An embodiment of the present invention further provides an electronic device, where the electronic device includes: a processor and a memory. Wherein the memory is for storing a program that, when executed by the processor, causes the processor to implement a method of training a sub-threshold depression risk prediction model as described in any of the preceding embodiments, or a method of sub-threshold depression risk prediction as follows: inputting the obtained detection result of the expression level of the serum cytokine of the sample to be detected into a pre-trained subliminal depression risk prediction model to obtain a prediction result of the sample; wherein the serum cytokines comprise: at least one of IL-1 β, IL-4, IL-10, IL-17, IL-2R α, LIF, MIF, and SDF-1 α; the model for predicting the risk of subliminal depression is constructed by the training method for predicting the risk of subliminal depression in any embodiment.
The Memory may be, but is not limited to, a Random Access Memory (RAM), a Read Only Memory (ROM), a Programmable Read Only Memory (PROM), an Erasable Read Only Memory (EPROM), an electrically Erasable Read Only Memory (EEPROM), and the like.
The processor may be an integrated circuit chip having signal processing capabilities. The Processor may be a general-purpose Processor including a Central Processing Unit (CPU), a Network Processor (NP), etc.; but also Digital Signal Processors (DSPs), Application Specific Integrated Circuits (ASICs), Field Programmable Gate Arrays (FPGAs) or other Programmable logic devices, discrete Gate or transistor logic devices, discrete hardware components.
In practical applications, the electronic device may be a server, a cloud platform, a mobile phone, a tablet computer, a notebook computer, an ultra-mobile personal computer (UMPC), a handheld computer, a netbook, a Personal Digital Assistant (PDA), a wearable electronic device, a virtual reality device, and the like, and therefore, the embodiment of the present application does not limit the type of the electronic device.
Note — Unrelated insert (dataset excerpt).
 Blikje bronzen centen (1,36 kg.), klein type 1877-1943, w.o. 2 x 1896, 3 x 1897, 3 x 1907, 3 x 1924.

Embodiments of the present invention further provide a computer-readable storage medium, on which a computer program is stored, where the computer program, when executed by a processor, implements a training method for a sub-threshold depression risk prediction model according to any of the foregoing embodiments, or the following sub-threshold depression risk prediction method: inputting the detection result of the serum cytokine expression level of the sample to be detected into a pre-trained subliminal depression model to obtain a prediction result of the sample; wherein the serum cytokines comprise: at least one of IL-1 β, IL-4, IL-10, IL-17, IL-2R α, LIF, MIF, and SDF-1 α; the sub-threshold depression model is constructed by the training method of the sub-threshold depression model according to any embodiment.
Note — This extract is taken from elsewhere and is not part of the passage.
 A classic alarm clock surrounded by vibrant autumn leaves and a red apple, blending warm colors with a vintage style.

It should be noted that, in the electronic device and the computer-readable storage medium, the preferred combination of cytokines is as described in any of the foregoing embodiments, and is not described again.
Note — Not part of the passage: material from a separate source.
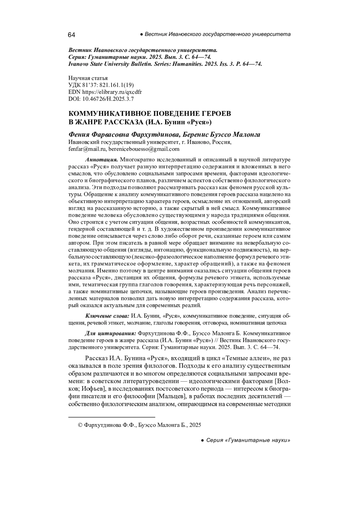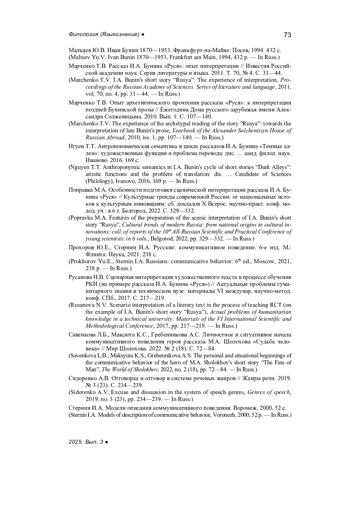 Marchenko T.V. I.A. Bunin’s short story “Rusya”: The experience of interpretation, Proceedings of the Russian Academy of Sciences. Series of literature and language, 2011, vol. 70, no. 4, pp. 31-44. - In Russ.
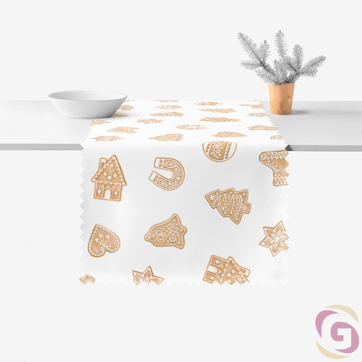 Tischläufer aus der Kollektion mit Lebkuchenmuster auf weißem Untergrund. Das verspielte Lebkuchenmotiv bringt eine gemütliche Weihnachtsstimmung in Ihr Zuhause und ergänzt festliche Dekorationen perfekt.

The computer readable medium includes: u disk, removable hard disk, read only memory, random access memory, magnetic or optical disk, etc. for storing program codes.
The embodiment of the invention provides a kit for predicting the risk of subliminal depression, which comprises: reagents for detecting the expression level of serum cytokines; the serum cytokines include: IL-1 β, IL-4, IL-10, IL-17, IL-2R α, LIF, MIF and SDF-1 α.
It should be noted that the selection of the reagents in the kit is the same as that described in the foregoing application examples, and is not repeated herein.
The features and properties of the present invention are described in further detail below with reference to examples.
Example 1
A method of training a sub-threshold depression risk prediction model comprising the following steps.
Step 1:
collecting peripheral blood whole blood samples of a plurality of testers and placing the samples in procoagulant tubes; the multiple testers were divided into a first tester and a second tester, the first tester being 98 sub-threshold depressed populations (diseased samples) and the second tester being 51 healthy volunteers (healthy samples).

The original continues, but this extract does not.